Posts Tagged ‘salt marsh grasses’

Tracking Terrapin Hatchlings

Friday, September 5th, 2008

Where do hatchlings go once they flee the nest? Using various methods of inference and observation, we have determined that some hatchlings race to the wrack line for safety, others scramble further into the salt marsh grasses and still others opt to remain upland for at least the first winter of their “hidden” years.

Terrapin Hatchling Track Heads Down Turtle Pass Dune

Let’s follow some clues, some tracks and some hatchlings to test these hypotheses.  The high dune of Turtle Pass seems the place to start as we discover a hatchling track descending from an emergence nest atop the dune and heading seaward.

Tracks Assume Colorful Tints as Sun Dances Behind Clouds

Down we go along the shifting slope that morphs in shape and color as shadows dance through the contours of the dune.

Close-Up with Tail Mark Bisecting Track

Let’s experience the descent as though we were a newborn hatchling on its first ski run down the slopes.

Follow Tracks to Hatchling Buried in Salt Marsh Wrack

So, our first experiment leads to the discovery of a hatchling burrowed into the landward edge of the wrack line, buried under last winter’s deposit of salt hay.

But our day isn’t over as we encounter another set of hatchlings scaling the bearberry covered banks off 5th Avenue and passing through an exquisite clump of sea lavender en route to safety.

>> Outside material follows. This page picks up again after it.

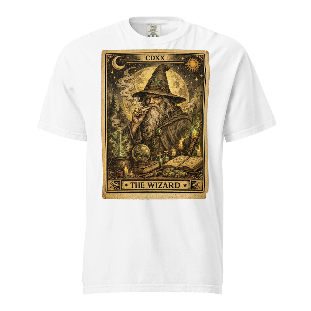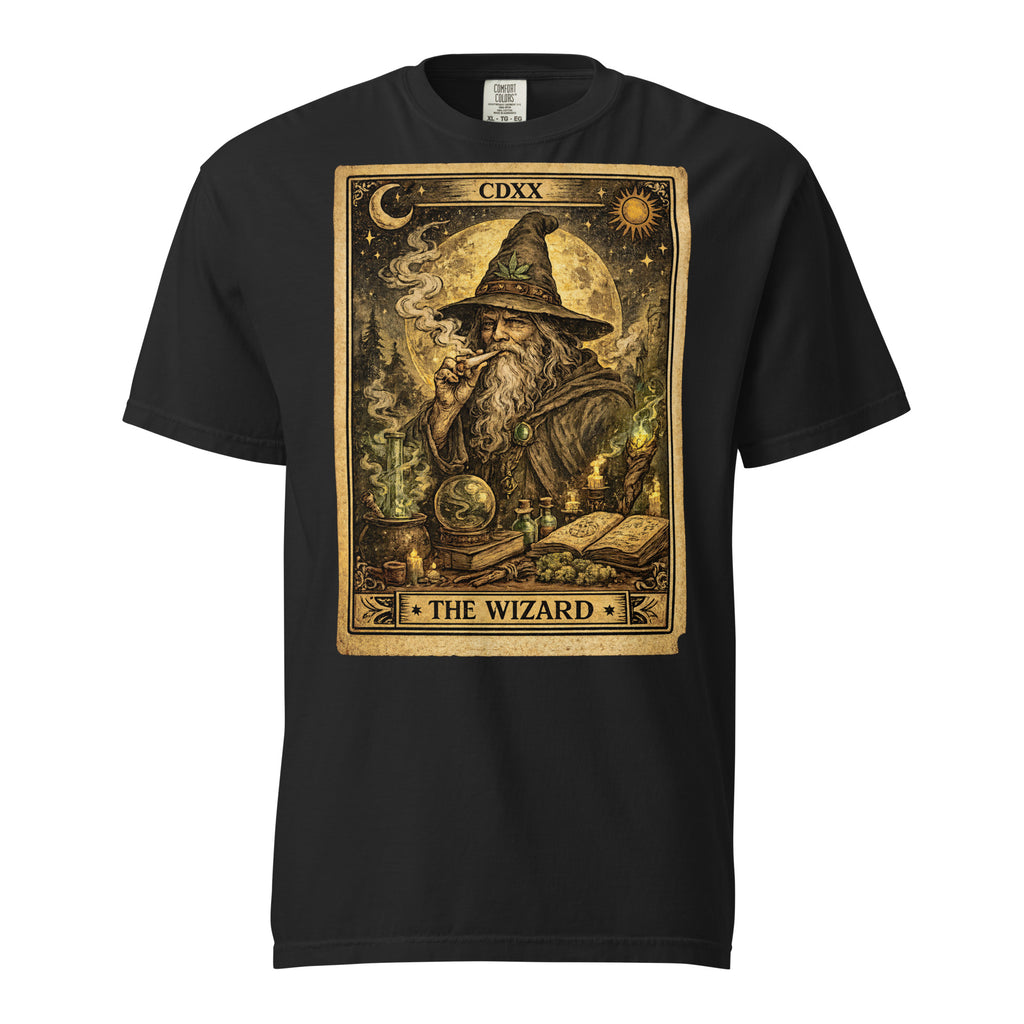 Marked with the Roman numeral CDXX (420) at the top and titled “The Wizard,” this shirt blends magical symbolism with laid-back stoner vibes. The intricate artwork—complete with spell books, potions, celestial elements, and a pointed hat adorned with a cannabis leaf—creates a powerful statement piece for anyone who appreciates weed culture and mystical aesthetics.

Terrapin Hatchling Scrambles to Reach Salt Marsh

These little critters eschew the wrack line, which to them seems like a clear cut jungle of logs, and head directly into the thick matting of Spartina patens in the salt marsh system separating east and west sections of Lieutenant Island.

Landslide!

Wednesday, September 3rd, 2008

You’ve just been born; you discard your eggshell and tunnel to the surface. Now you must make a mad dash for safety. Unlike sea turtles who hatch at night and head for the brightest horizon (hopefully the sea, but all too often a local fast food restaurant), you emerge during the day and head out in a random “drunkard’s walk” without any clear sense of direction, hoping to find vegetative shelter. Momma lays her nest on a steep slope, hoping you’ll take the hint and slide downward into the safety of wrack line and salt marsh grasses. But you choose the “high road,” struggling like a Mount Everest sherpa to climb the soft, sandy, high dune of Turtle Point. And then comes the landslide.